Drug-eluting stents and angioplasty, the good, the not so goodand the really bad news

Undoubtedly, balloon angioplasty had revolutionised treatment of coronary artery disease (CAD). It has allowed us to treat symptomatic CAD easily without the need for GA and opening the chest. I am sure that Dr Andreas Gruntzig (the inventor of angioplasty) would have been very proud to see the number of patients he has helped with his technique of angioplasty.

The good thing about angioplasty is that we can control chest pains very effectively with minimally invasive teachniques. Of cause, plain old balloon angioplasty (POBA) has its problems, namely acute tear (dissection) in the treated artery, and also re-narrowing (restenosis).

The next logical evolution was the use of the bare metal, plain surgical grade stainless steel stent. This was better then POBA and acute artery dissection was a thing of the past. We no longer need a cardio-surgical team on standby. We now have "stent-by".

Bare metal stents (BMS) still had restenosis as a significant problem, running at about 15%. The next step came with the use of drug-eluting stents (DES). Whether this advance is an evolution or revolution depends on how you see the situation. There are two DES that are currently FDA approved, namely the Cypher stent (JnJ Cordis) and the Taxus stent (Boston Scienntific).

There are a few more waiting in the queue to be approved like the Endeavor stent (AVE Medtronic) and the XcentV stent (Guidant Corp). These DES has very low restenosis rates (<5%) even when we use long stents and multiple overlapping stents. We have been known to line the whole artery with 5-6 stents in the whole length of artery (full metal jacket) with good short and longterm results.

Except for certain subsets, angioplasty and stents have not been known to prolong life, but it does control chest pains well.

Now for the not so good news. Balloon angioplasty suffered from a 4-10% risk of acute artery dissection, causing acute heart attacks, which before the stent era, required emergency bypass graft surgery, which carried a 30% chance of dying and almost 100% chance of heart muscle damage.

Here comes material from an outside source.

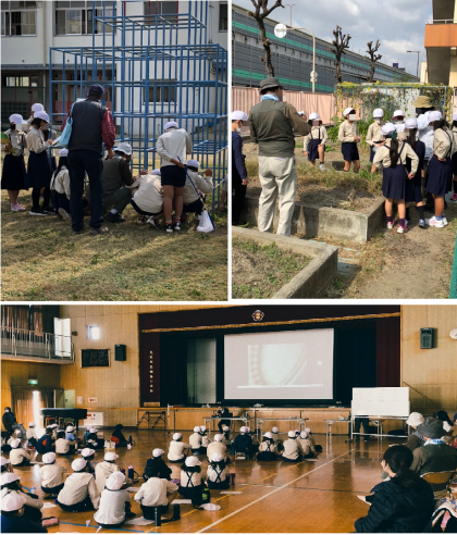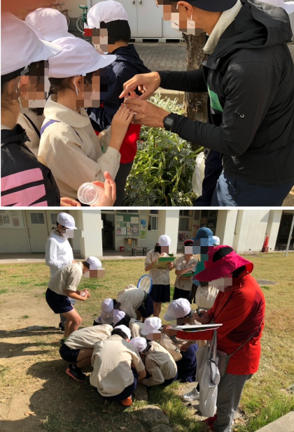 4年生の理科です。ゲストティーチャーに来ていただいて校内の生き物探しをしました。9月に次いで2回目です。4班に分かれて校内各所で探しました。集めた生き物は体育館でモニターに映して解説してもらいました。とても楽しそうでした、ありがとうございました。
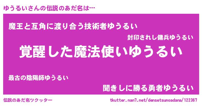 女子向けラノベタイトル風あだ名 | 『ゆうるい様がみてる』『ゆうるい恋絵巻』 |

While balloon angioplasty has a overall success rate of of about 95%, there are a group of CADs, the chronic total blockage, where the angioplasty success rate can be as low as 40-50% in some centers and is limited to 80-90% in the best of hands. Some blockages just cannot be angioplastied.

The nagging problem with POBA is restenosis. It was quite upsetting to see a patient where you performed a good POBA, where the acute angiogram picture was wonderful, and suddenly in 2-3 months, the artery blockage had returned, possibly worse then before.

This was ugly and usually upset the patient. Of course, with the BMS, the acute dissection and acute bypass problem was essentially solved. We no longer needed to send our angioplasty list to the Operation Room, and the cardiac surgical team could have a nice lunch.

However, the BMS brought a new problem of acute and subacute stent thrombosis. The stents are stainless steel and these attract blood clots, if the proper medical regimes are not followed. Procedural techniques also played a part. These happened on average about 1-4% of the time. This could be minimized by technique improvements and also the use of aspirin and ticlopidine as effective anti-thrombosis medications.

Then came the DES that we are still learning more and more about. With DES, the good news is that restenosis is now single digit (<5%). However, acute and subacute stent thrombosis still remain.

With BMS, the subacute stent thrombosis tend to come in the first 30 days. It tends to be more predictable. This enables us to try and figure out who the high risk group is. With the new DES, the subacute stent thrombosis could occur in the first 30days or as late as up to 1-2 years. Therefore the anti-thrombosis medications (aspirin and plavix/ticlopidine) had to be continued for much longer. This brought about the problem of non-cardiac surgery, should that be necessary on an elective or emergent basis following the use of DES. If these become necessary and the aspirin or plavix is stopped, there is an almost 10% chance of acute stent thrombosis. The DES are more costly and certainly more fuzzy stents.

This problem is so worrying to us, that if we know that the patient may need elective surgery after the angioplasty, we would prefer to use the BMS as a way to avoid the problem of acute stent thrombosis should the apirin or plavix had to be stopped for the elective surgery. With the use of DES, we also discovered a new problem of aspirin and plavix resistance (patients who may be taking the aspirin or plavix yet there is no clinical effect of these medication). With the widespread use of DES nowadays (in some centers, almost 95% of angioplasty includes the use of DES) we have learnt that there are cases of stent allergy, either allergy to the drug or the stent, or the polymer that the drug is bonded to. Stent allergy is still new and we are in the process of learning what we can.

While we improve by what is seemingly leaps and bounds, each and every step carries a high price. There is no such thing as a free lunch

And now for the bad news. As DES use becomes more widespread, more complex lesions are undertaken by the interventional cardiologist with greater and greater confidence as restenosis is low and indications for angioplasty become more liberalised. Cardiac surgery numbers drop worldwide. Is this better for our patients?